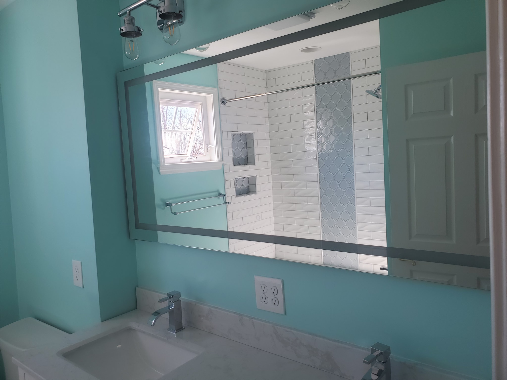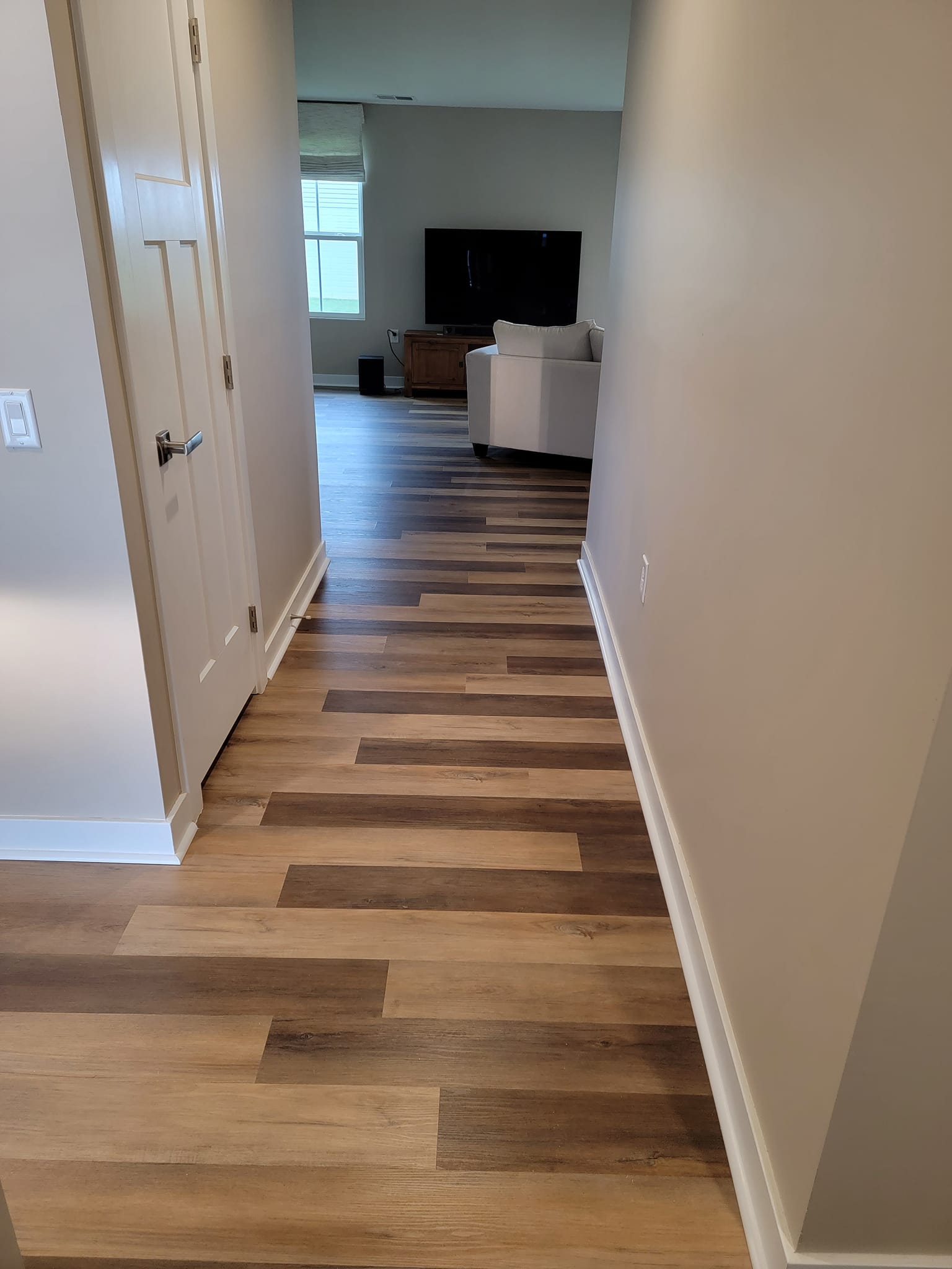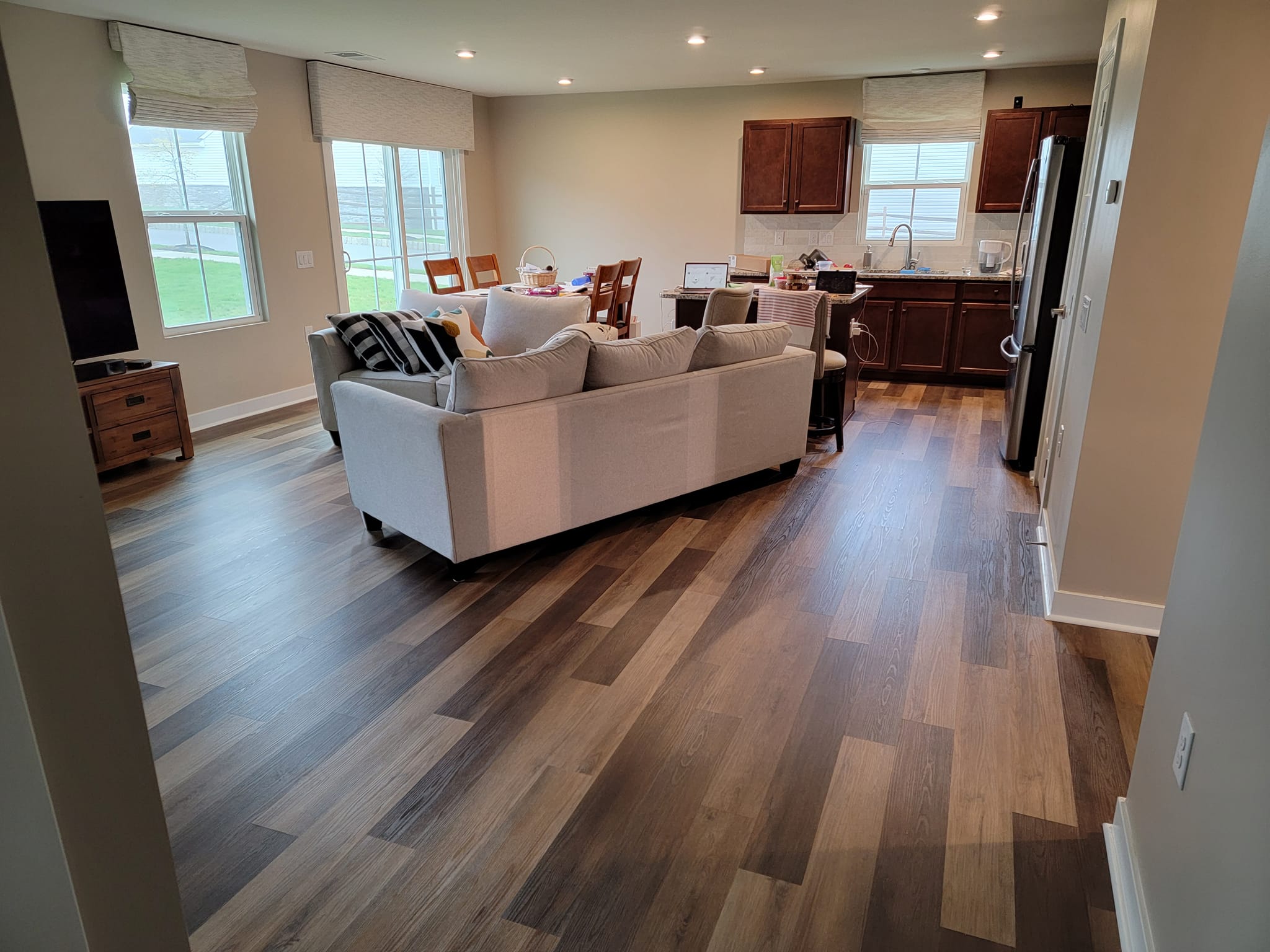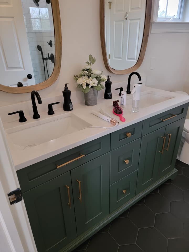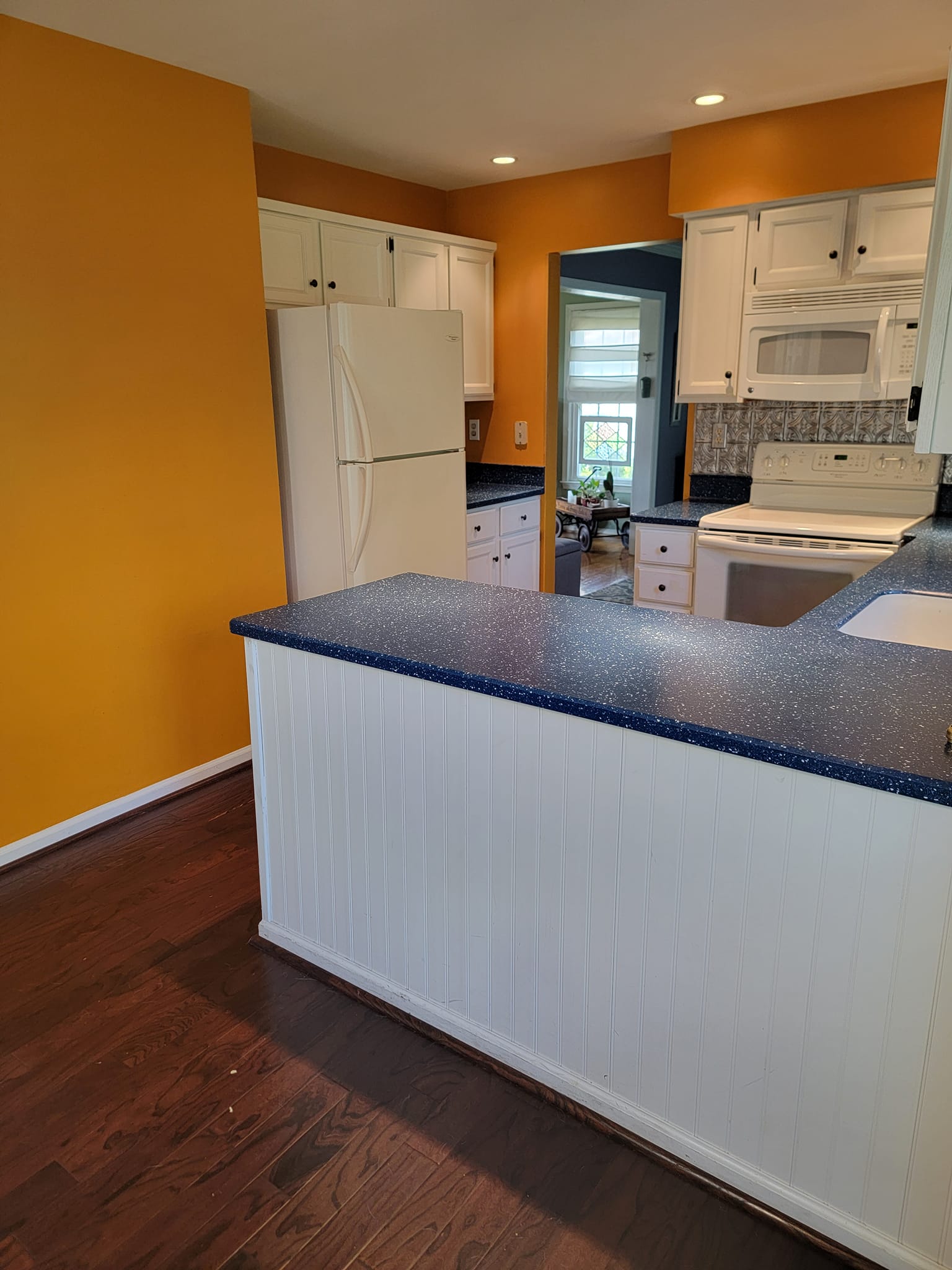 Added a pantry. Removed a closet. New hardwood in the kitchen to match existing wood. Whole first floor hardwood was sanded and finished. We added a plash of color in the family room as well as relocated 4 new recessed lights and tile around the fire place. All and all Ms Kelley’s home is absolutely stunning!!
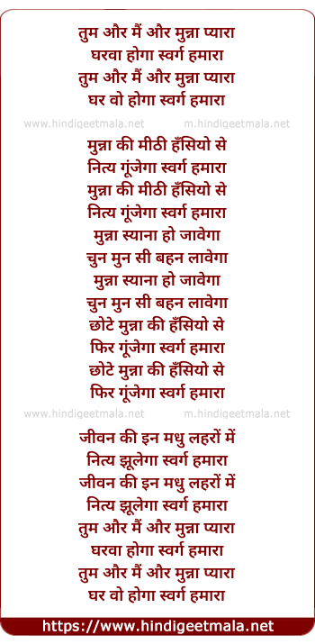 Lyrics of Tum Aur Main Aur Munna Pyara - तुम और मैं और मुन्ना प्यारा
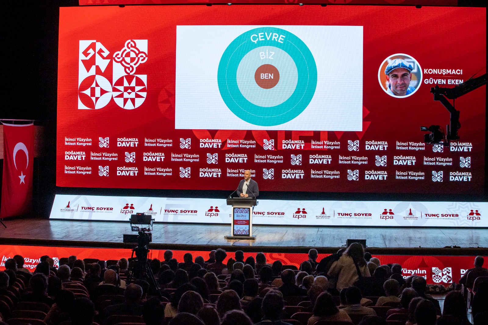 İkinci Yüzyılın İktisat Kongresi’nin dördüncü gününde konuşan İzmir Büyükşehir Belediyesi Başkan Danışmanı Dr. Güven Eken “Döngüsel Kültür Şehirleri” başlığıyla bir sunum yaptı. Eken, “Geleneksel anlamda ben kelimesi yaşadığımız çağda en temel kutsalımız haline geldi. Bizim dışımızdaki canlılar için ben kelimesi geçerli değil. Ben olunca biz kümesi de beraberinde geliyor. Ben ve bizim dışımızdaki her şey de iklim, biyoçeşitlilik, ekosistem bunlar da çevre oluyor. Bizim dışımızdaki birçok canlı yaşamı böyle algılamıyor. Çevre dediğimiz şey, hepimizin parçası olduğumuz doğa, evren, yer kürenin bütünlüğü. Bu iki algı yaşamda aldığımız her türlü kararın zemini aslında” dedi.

**Your goal:**
The full listing must come back exactly as written, with its pictures left out.

**Answer for this exercise:**
 Added a pantry. Removed a closet. New hardwood in the kitchen to match existing wood. Whole first floor hardwood was sanded and finished. We added a plash of color in the family room as well as relocated 4 new recessed lights and tile around the fire place. All and all Ms Kelley’s home is absolutely stunning!!
 Lyrics of Tum Aur Main Aur Munna Pyara - तुम और मैं और मुन्ना प्यारा
 İkinci Yüzyılın İktisat Kongresi’nin dördüncü gününde konuşan İzmir Büyükşehir Belediyesi Başkan Danışmanı Dr. Güven Eken “Döngüsel Kültür Şehirleri” başlığıyla bir sunum yaptı. Eken, “Geleneksel anlamda ben kelimesi yaşadığımız çağda en temel kutsalımız haline geldi. Bizim dışımızdaki canlılar için ben kelimesi geçerli değil. Ben olunca biz kümesi de beraberinde geliyor. Ben ve bizim dışımızdaki her şey de iklim, biyoçeşitlilik, ekosistem bunlar da çevre oluyor. Bizim dışımızdaki birçok canlı yaşamı böyle algılamıyor. Çevre dediğimiz şey, hepimizin parçası olduğumuz doğa, evren, yer kürenin bütünlüğü. Bu iki algı yaşamda aldığımız her türlü kararın zemini aslında” dedi.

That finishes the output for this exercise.